:: TASK STATEMENT ::
Nothing but the lines from the one with "Survival rate of" through the end of the records may appear in the answer, each reproduced exactly, pictures omitted.

(Dataset records)
=== Begin Enclosure ===

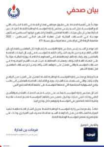 وقدم بن قدارة في بيان له اعتذاره لجميع العاملين بسبب التأخير في صرف الزيادة عازياً ذلك إلى تأخر الشركات التابعة للمؤسسة في إرسال البيانات الخاصة بالعاملين من أجل مطابقتها مع منظومة وزارة المالية.
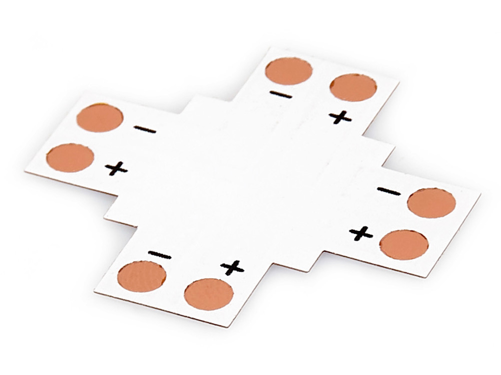 Złączka poczówrna typ X przeznaczona do jednokolorowych taśm LED SMD5050 o szerokości 10 mm. Złączka poczwórna z czterech stron posiada miedziane ścieżki, które pozwolą nam na szybkie przylutowanie taśm LED. Złączka typ X do taśm LED pozwoli nam na bezpieczne i trwałe połączenie czterech odcinków LED. Złączka dostępna w naszej ofercie przeznaczona jest do taśm LED o szerokości 10 mm, czyli najczęściej wybieranych pasków LED z diodami SMD 5050. Złączkę można wykorzystać do zwykłej taśmy LED, a także wodoodpornej, jednak w tym przypadku należy wcześniej usunąć jej silikonową osłonę w miejscu podłączenia.
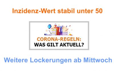 Weitere Lockerungen ab Mittwoch Die relevante Sieben-Tages-Inzidenz (RKI) im Kreises Recklinghausen liegt seit fünf aufeinanderfolgenden…
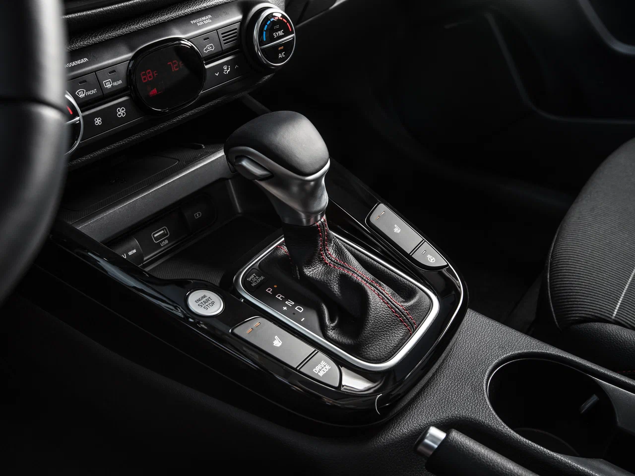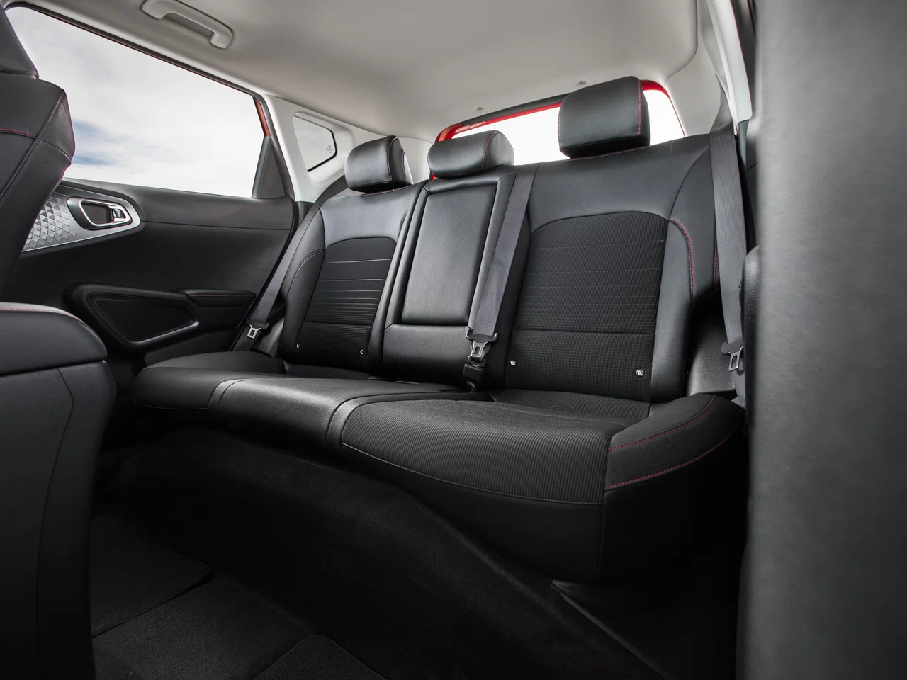 | Комбинированная отделка сидений из кожи и ткани с красной прострочкой |
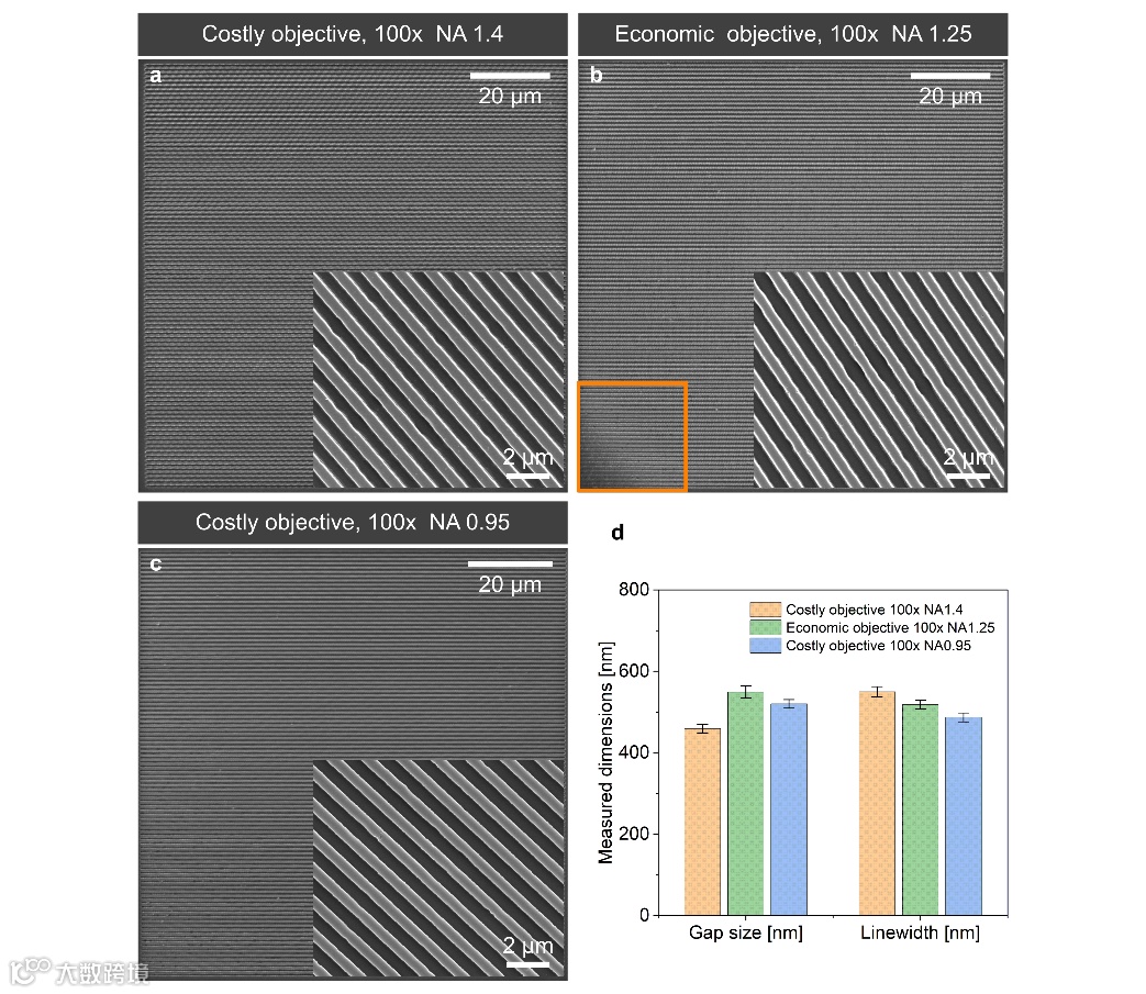 图3:不同厂商,不同NA值的显微物镜加工光栅结构
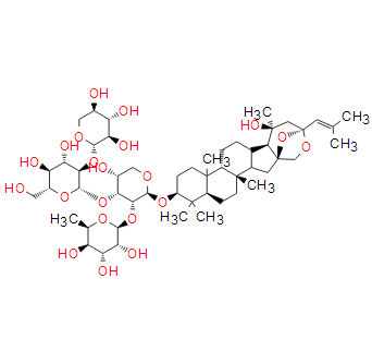 SMILES: | C[C@]([C@]1([H])CC2)(CC[C@]3([H])[C@@]1(CC[C@H](O[C@@](OC[C@H](O)[C@@H]4O[C@@](O[C@H](CO)[C@@H](O)[C@@H]5O)([H])[C@@H]5O[C@@](OC[C@@H](O)[C@@H]6O)([H])[C@@H]6O)([H])[C@@H]4O[C@@](O[C@@H](C)[C@H](O)[C@H]7O)([H])[C@@H]7O)C3(C)C)C)[C@@]8(CO9)[C@@]2([H])[C@]( |
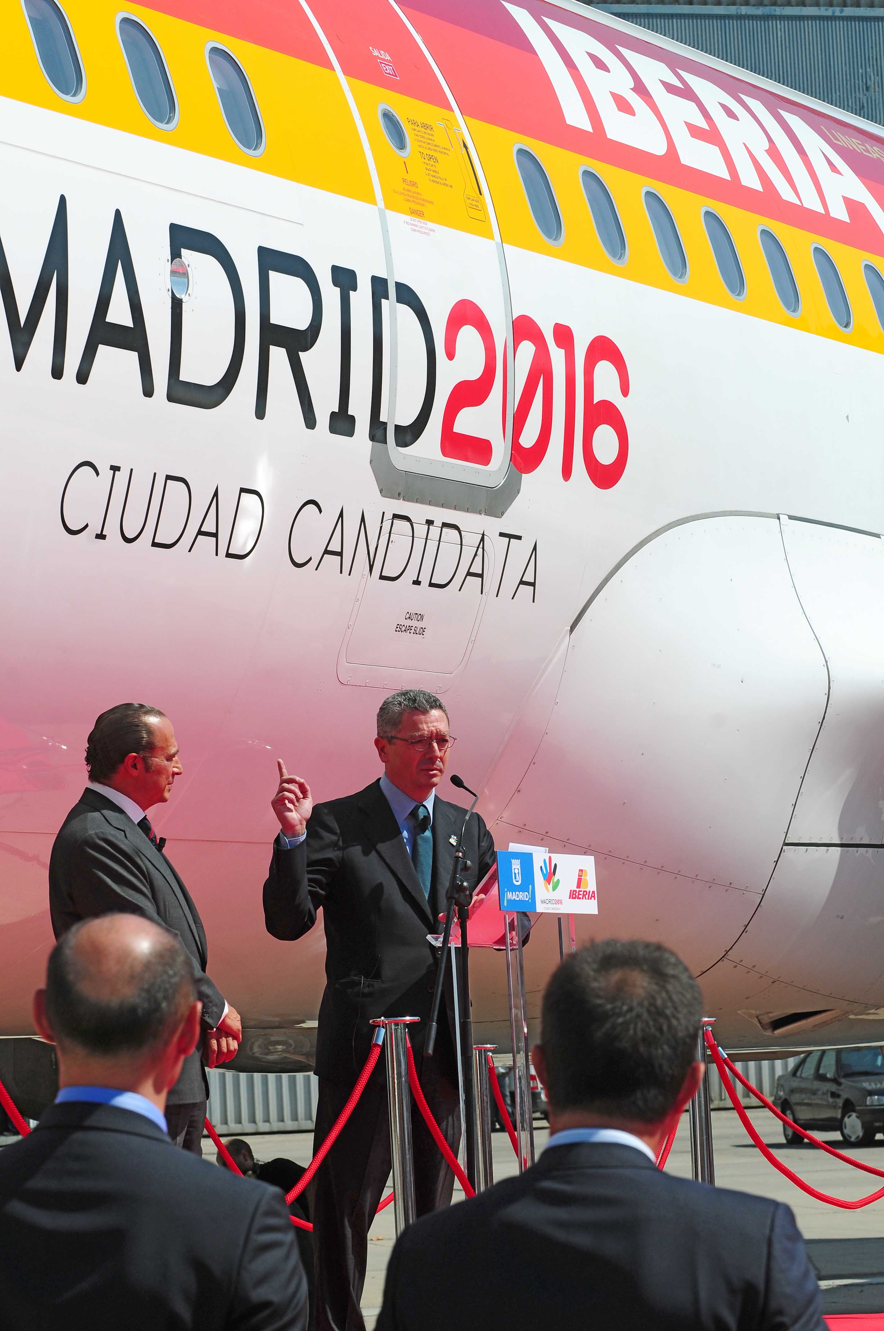Este Airbus 321, declaró Alberto Ruiz-Gallardón durante la presentación del avión, "levantará el vuelo el 30 de septiembre y regresará, espero, con la designación de Madrid como sede olímpica y paralímpica, el sábado 3 de octubre". La delegación de Madrid 2016 partirá, aseguró el alcalde, "con ilusión, con la confianza que inspira el trabajo bien hecho y con la seguridad de que podemos ofrecer los mejores Juegos nunca celebrados, después de habernos apoyado en aquellos que, como Iberia y otras empresas, han hecho de la excelencia su primera seña de identidad, y que incluso en estos momentos de dificultad económica mantienen su compromiso con la sociedad".
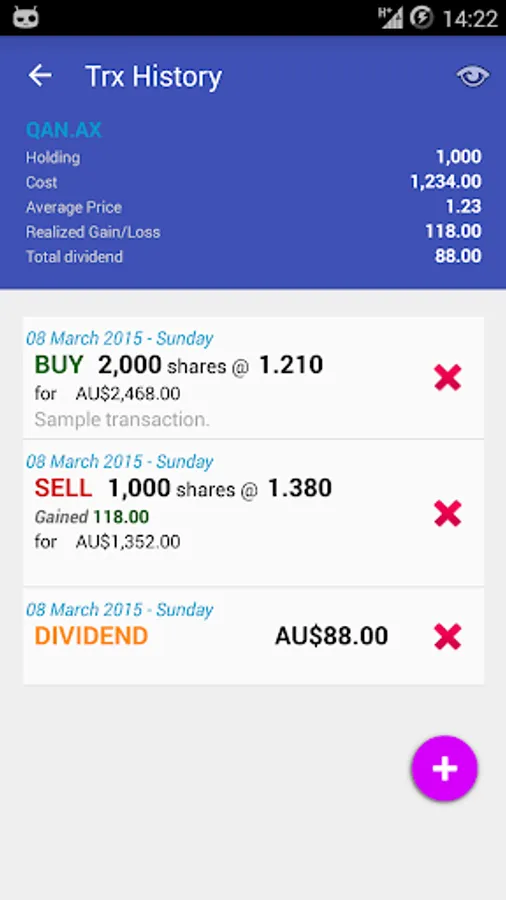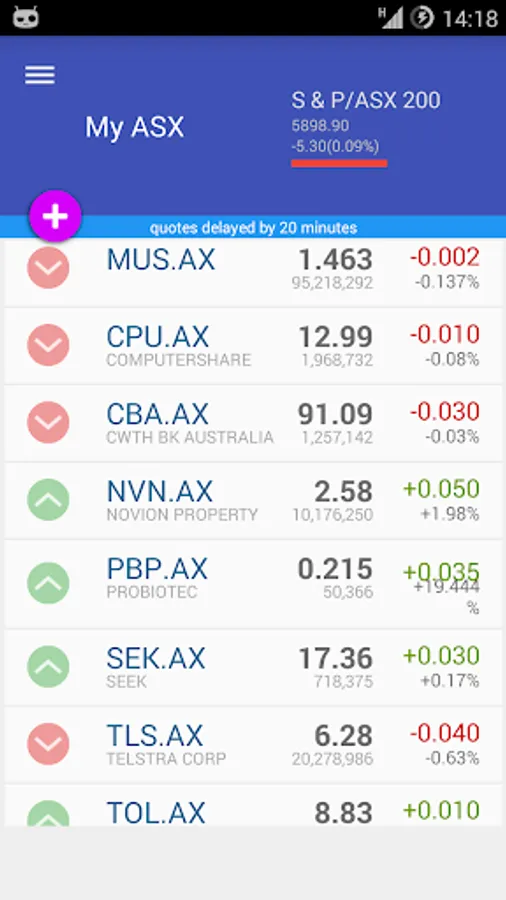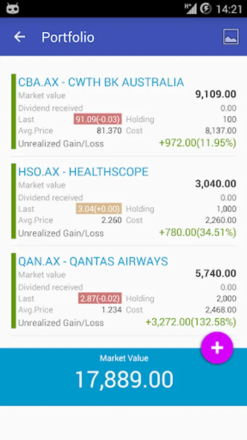 My ASX allows you to monitor and manage your portfolio for Australian Securities Exchange, ASX in your mobile phone. It features an easy to use interface with the latest Lollipop material design layout; it lets you manage your portfolio at a glance with quick summary info plus wealth of market related information. Free and no registration required, all user's data are stored locally on your phone.
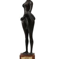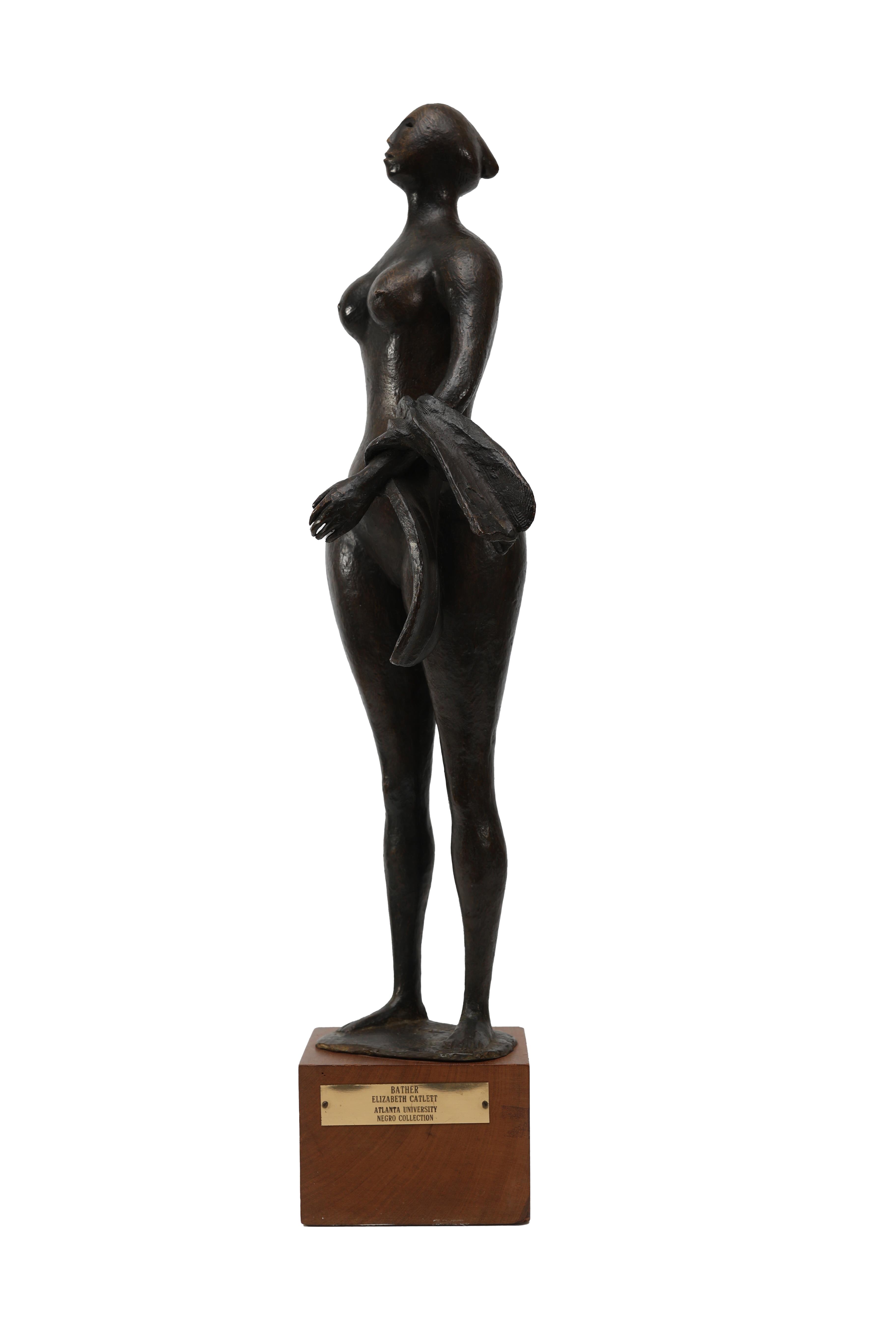 Elizabeth Catlett was an artist and educator from Washington, D.C., who repatriated to Mexico. Bather is a bronze sculpture of a woman preparing to bathe. The subject is nude, standing with their head held high with a towel hanging from their arm.
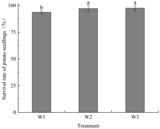 Survival rate of sweet potato seedlings after transplanting under different treatments. Different lowercase letters indicate significant differences (p < 0.05).
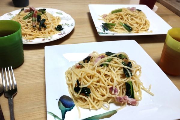 続いてパスタ料理を作りましょう。パンチェッタと小松菜のスパゲッティです。

=== End Enclosure ===

:: FINISHED EXERCISE ::
 Survival rate of sweet potato seedlings after transplanting under different treatments. Different lowercase letters indicate significant differences (p < 0.05).
 続いてパスタ料理を作りましょう。パンチェッタと小松菜のスパゲッティです。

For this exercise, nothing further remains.